The disclosure comes amid sustained unrest over the development, which sits on wetlands and beaches along Albania’s southern coast that are home to sea turtles and flamingos, the latter adopted as a symbol by the self-styled “Flamingo Revolution” against the resort and alleged government corruption in general.
Kushner and his wife, Ivanka Trump, have said the idea for the resort came to them after they spotted the coastline from a yacht.

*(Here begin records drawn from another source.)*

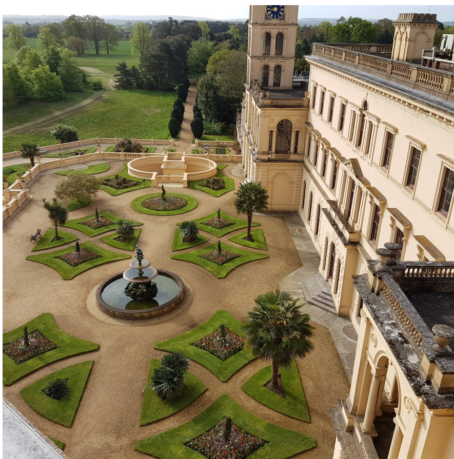
Ülemine terrass pärast sibullillede eemaldamist
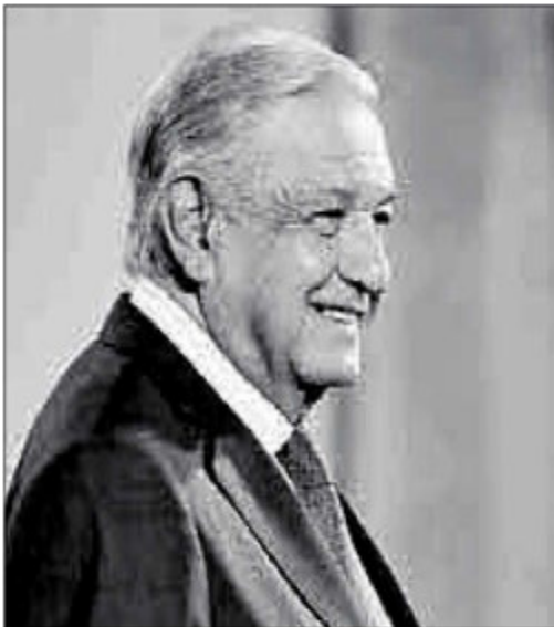
▲ El presidente Andrés Manuel López Obrador y Ricardo Salinas Pliego protagonizan lo que pareciera ser el capítulo final de una larga

Twitter: @cafevega cfmexico_sa@hotmail.com
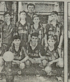
ფოტო რეპორტ მავიანისა
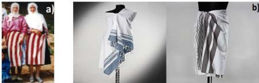
Şekil 2: a) Giyim eşyası olarak kullanılan peştamal (vanhabertv.com/yasmak-ve-peştamal-tarih-oldu, 2012), b) Hamam peştamalı (turksanatlari.com, 2010).

Hamam peştamalıının da farklı kullanım amaçları vardır. Bunlardan biri hamamda yıkanırken veya dinlenirken örtünme, diğeri de kurulanmaktır. Yıkanırken kullanılan peştamala su peştamalı , yıkanma işlemi bitip ıslak olanın çıkartılmasından sonra örtünmeye devam etmek için kuşanılana çıkma adı verilir (Şekil 3). Kurulanma amaçlı kullanılan ise sadece peştamal olarak isimlendirilir. Su peştamalı genellikle eni 80-100 cm boyu 170-190 cm olan saçaksız bezayağı dokuma ile üretilmiş su emicilik özelliği düşük olan pamuklu bir kumaştan yapılır. Rengi düz beyaz ya da beyaz, sarı, mavi, kırmızı ve siyah renklerin kombinasyonu kullanılarak çizgili veya ekose desenlerle dokunmuş olabilir. Uçları dikişli veya kesik olabilir, saçağı yoktur.
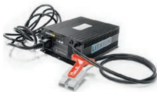
Ladegerät (extern) für Lithium Batterie, 25,6V / 10A Artikel Nr OPT0013
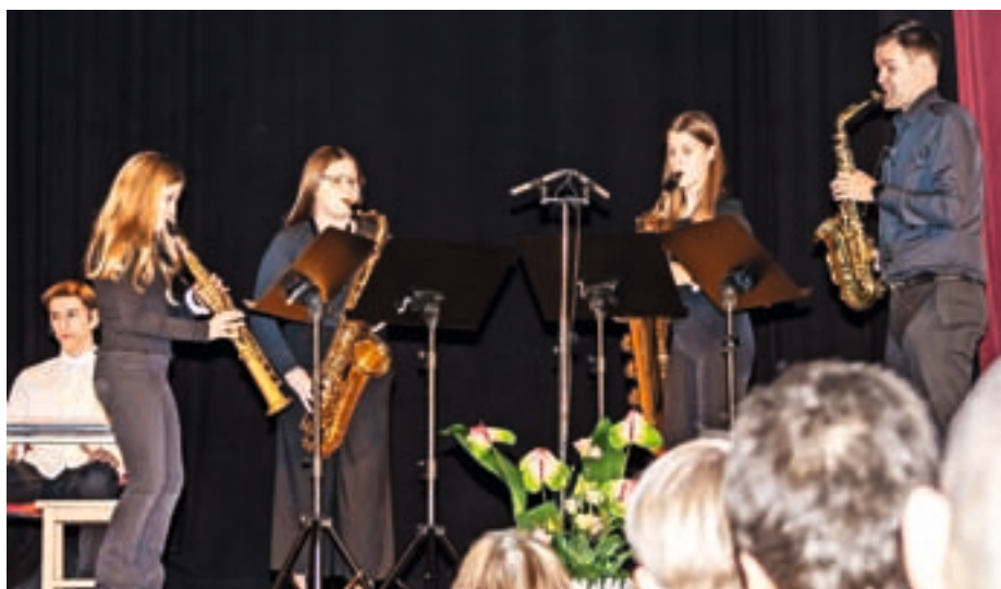
Proslavo so z glasbo obogatile učenke Glasbene šole Škofja Loka pod mentorstvom profesorjev.

He unveiled renderings of hotels, villas and marinas on social media in 2024.
Nightly rallies that began in May, initially focused on the project, have broadened into a wider movement demanding Prime Minister Edi Rama’s resignation over accusations of corruption.
A crackdown last week saw riot police deploy tear gas and water cannon against demonstrators outside parliament, injuring 15 officers and leading to 25 arrests. A Tirana court freed 19 of those detained on Sunday, placing two under house arrest and ordering a dozen others to report periodically to judicial police.
Entela Koja, one of the protesters, said “this is a revolution against the big guys who want to use Albania like a playground for the rich.”
Villagers near the site have separately pursued a decade-long legal challenge to Shehu’s ownership claim, presenting title deeds and tax records they say establish that they are the rightful owners.
Nikolin Markpalaj, one of the landowners, told Al Jazeera: “I told them it would not be easy for them to take this land and enjoy someone else’s land and property. What is happening in this country is madness.”
Rama’s government has dismissed the protests as orchestrated by political rivals and insists the project complies with Albanian and European Union law.